The records below hold a stretch from the line with "700 BAKING CUPS" through the line with "Wood Block Books"; return exactly those lines, ends included, and nothing more.

*** Dataset extract ***

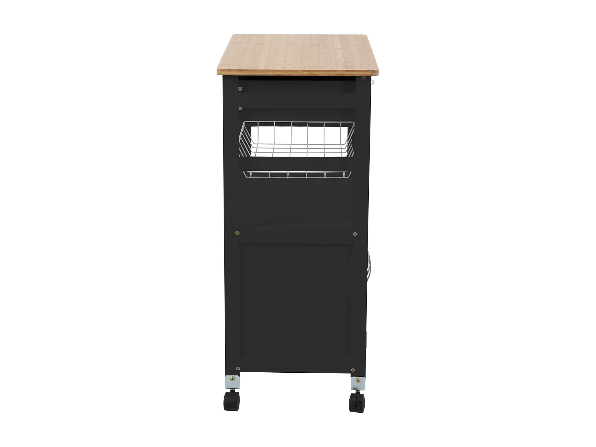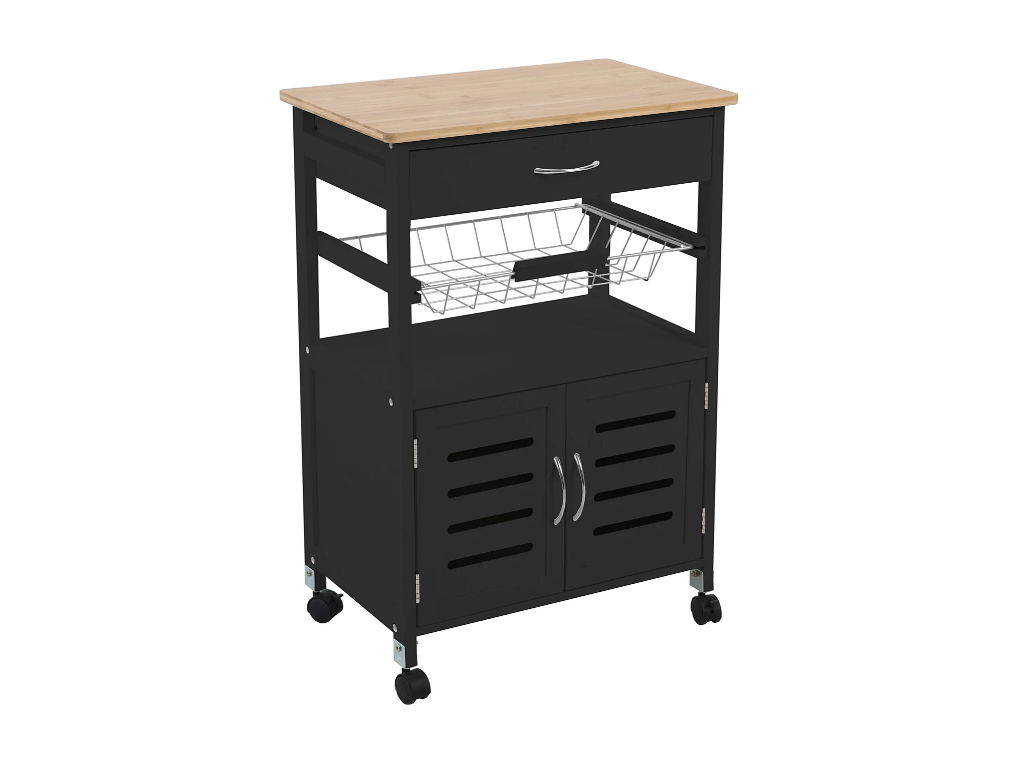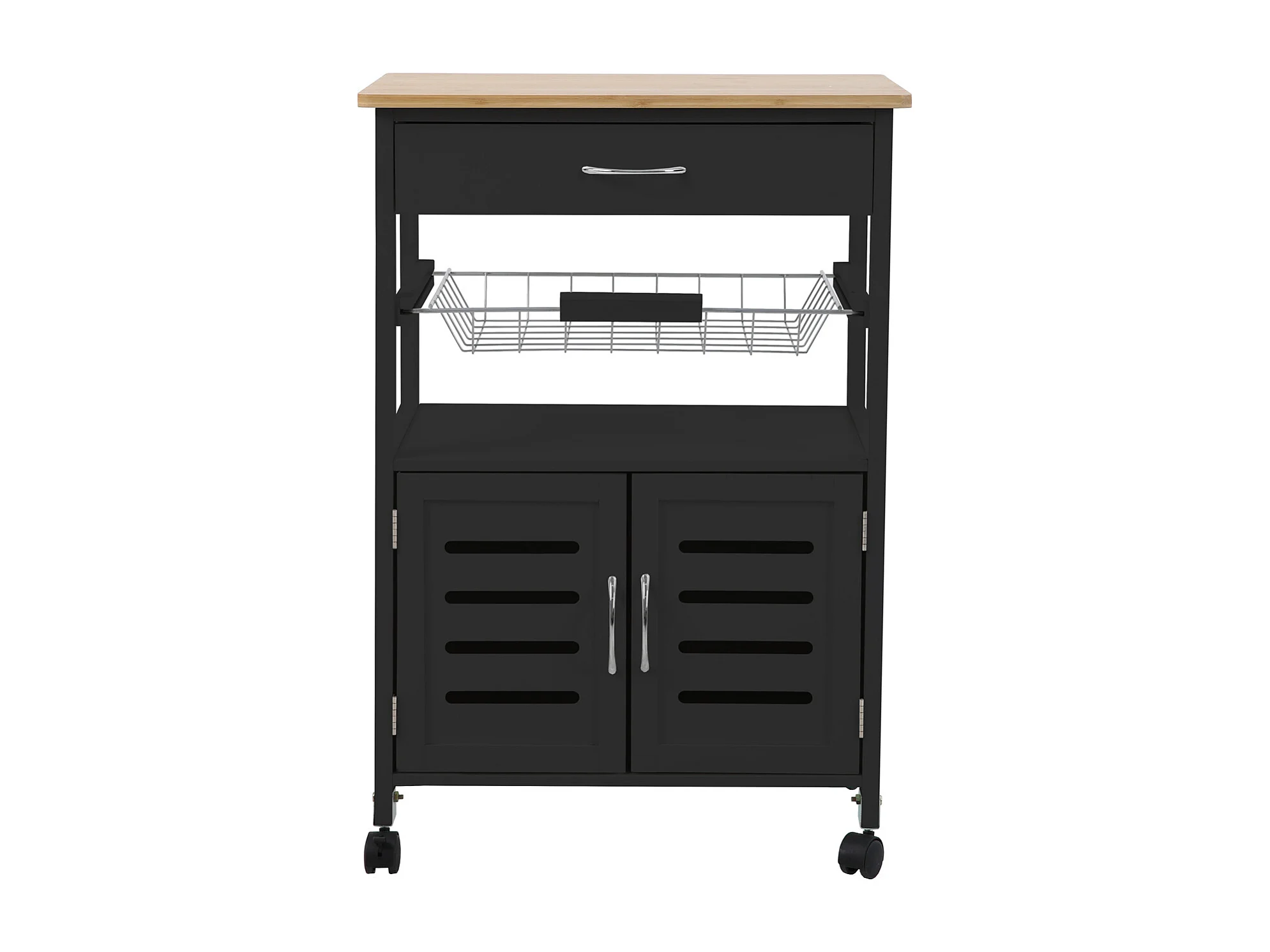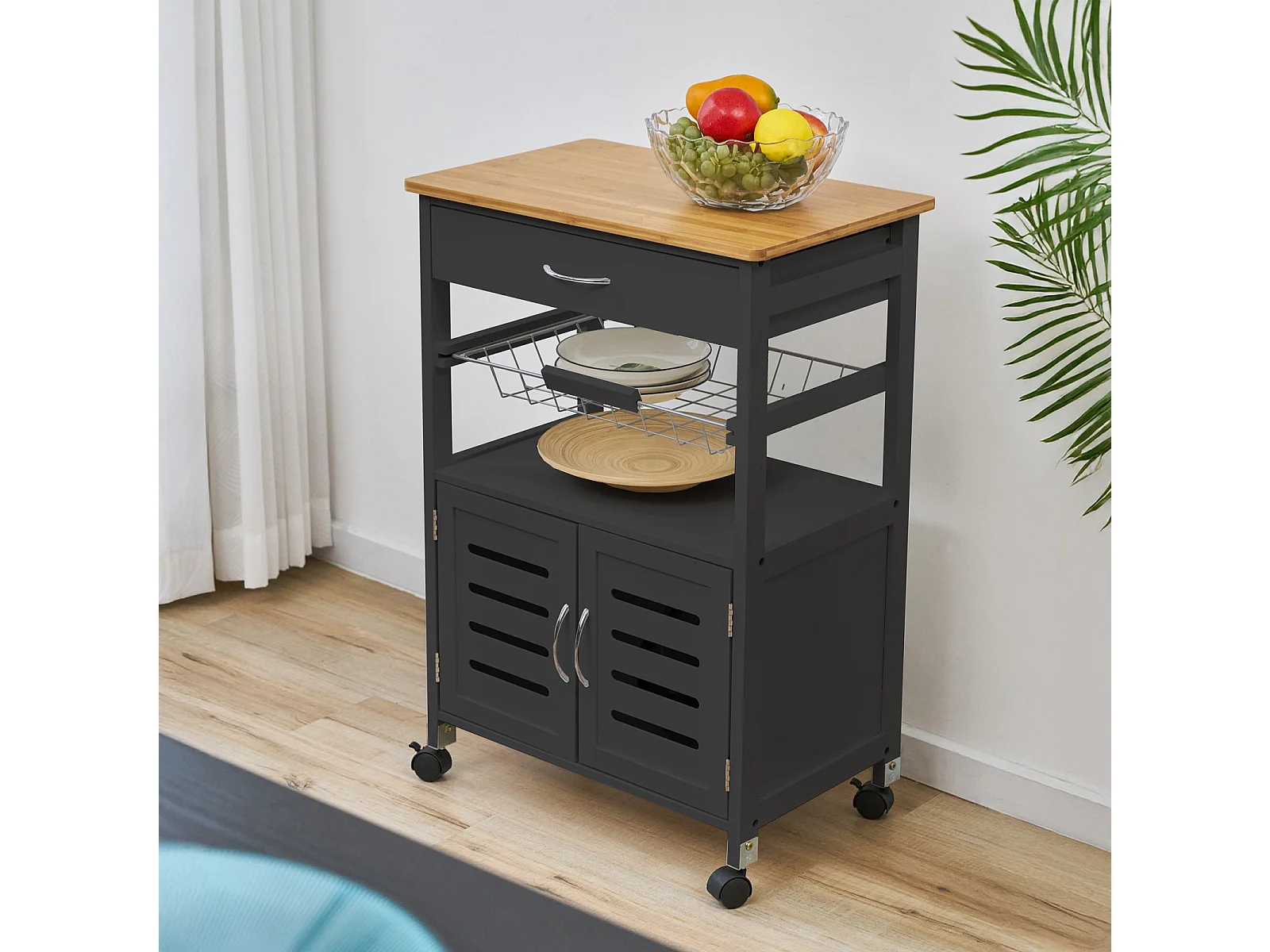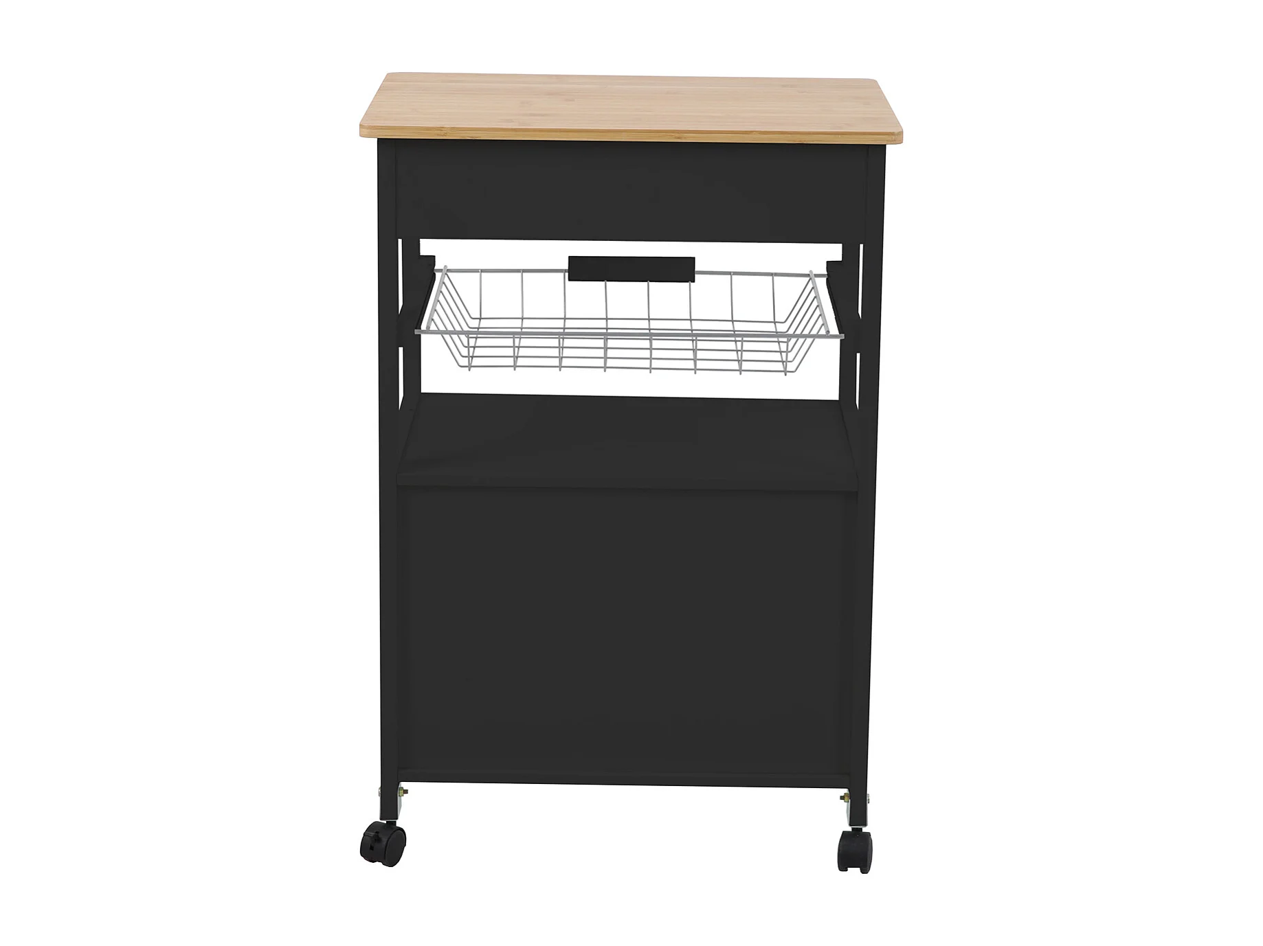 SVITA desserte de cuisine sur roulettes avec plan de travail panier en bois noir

*** End of Dataset extract ***
*** Dataset extract ***

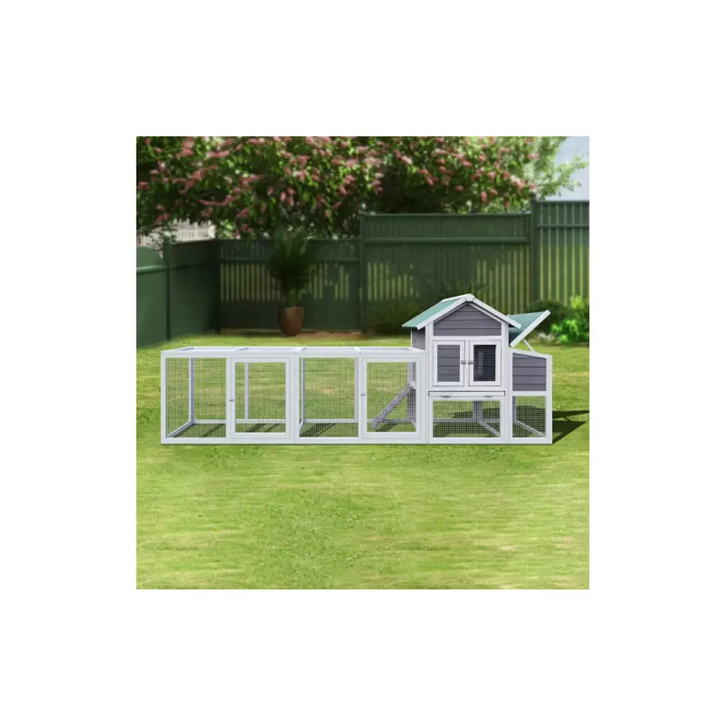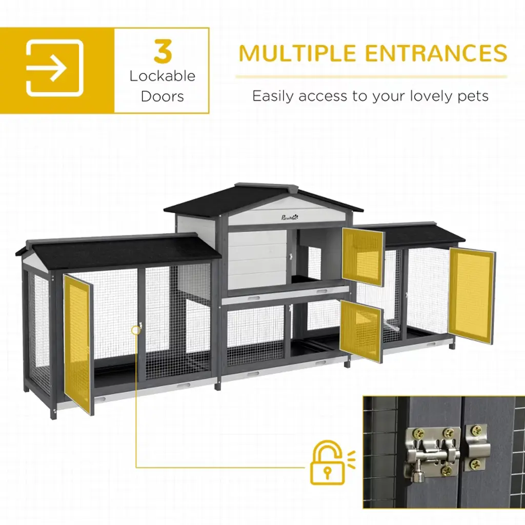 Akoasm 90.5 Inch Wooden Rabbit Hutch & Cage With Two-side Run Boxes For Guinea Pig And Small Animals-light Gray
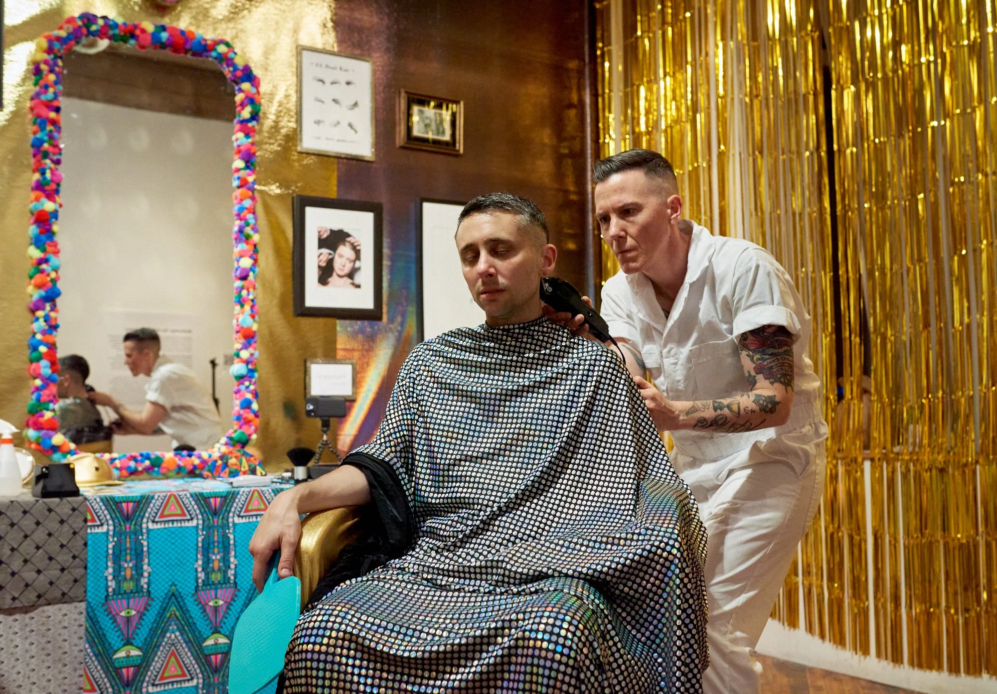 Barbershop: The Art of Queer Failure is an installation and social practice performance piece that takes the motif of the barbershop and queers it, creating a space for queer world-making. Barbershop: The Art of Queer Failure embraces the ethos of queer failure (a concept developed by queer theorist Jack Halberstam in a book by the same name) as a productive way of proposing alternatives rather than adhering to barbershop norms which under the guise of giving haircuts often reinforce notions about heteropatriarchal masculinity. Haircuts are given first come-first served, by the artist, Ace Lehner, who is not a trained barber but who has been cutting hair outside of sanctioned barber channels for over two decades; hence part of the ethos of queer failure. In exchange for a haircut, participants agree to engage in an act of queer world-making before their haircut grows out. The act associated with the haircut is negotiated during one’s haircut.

*** End of Dataset extract ***
*** Dataset extract ***

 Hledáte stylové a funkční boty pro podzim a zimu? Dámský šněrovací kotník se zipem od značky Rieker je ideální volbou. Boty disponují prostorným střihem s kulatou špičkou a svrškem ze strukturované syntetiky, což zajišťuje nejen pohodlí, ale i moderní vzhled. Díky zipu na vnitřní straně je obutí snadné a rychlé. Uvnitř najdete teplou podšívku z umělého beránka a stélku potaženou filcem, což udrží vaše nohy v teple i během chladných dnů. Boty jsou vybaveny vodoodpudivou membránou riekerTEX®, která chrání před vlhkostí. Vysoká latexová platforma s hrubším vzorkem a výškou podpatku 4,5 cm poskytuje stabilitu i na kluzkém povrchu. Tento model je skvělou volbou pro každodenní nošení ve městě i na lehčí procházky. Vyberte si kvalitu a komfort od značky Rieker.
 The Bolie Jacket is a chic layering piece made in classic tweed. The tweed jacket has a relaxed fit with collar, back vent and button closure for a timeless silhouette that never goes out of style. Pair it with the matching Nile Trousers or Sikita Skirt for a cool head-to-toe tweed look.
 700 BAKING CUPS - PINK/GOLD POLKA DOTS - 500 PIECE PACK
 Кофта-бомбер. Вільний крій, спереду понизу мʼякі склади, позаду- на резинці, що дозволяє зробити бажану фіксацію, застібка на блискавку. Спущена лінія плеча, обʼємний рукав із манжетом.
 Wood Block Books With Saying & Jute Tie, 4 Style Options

*** End of Dataset extract ***

Expected answer>
 700 BAKING CUPS - PINK/GOLD POLKA DOTS - 500 PIECE PACK
 Кофта-бомбер. Вільний крій, спереду понизу мʼякі склади, позаду- на резинці, що дозволяє зробити бажану фіксацію, застібка на блискавку. Спущена лінія плеча, обʼємний рукав із манжетом.
 Wood Block Books With Saying & Jute Tie, 4 Style Options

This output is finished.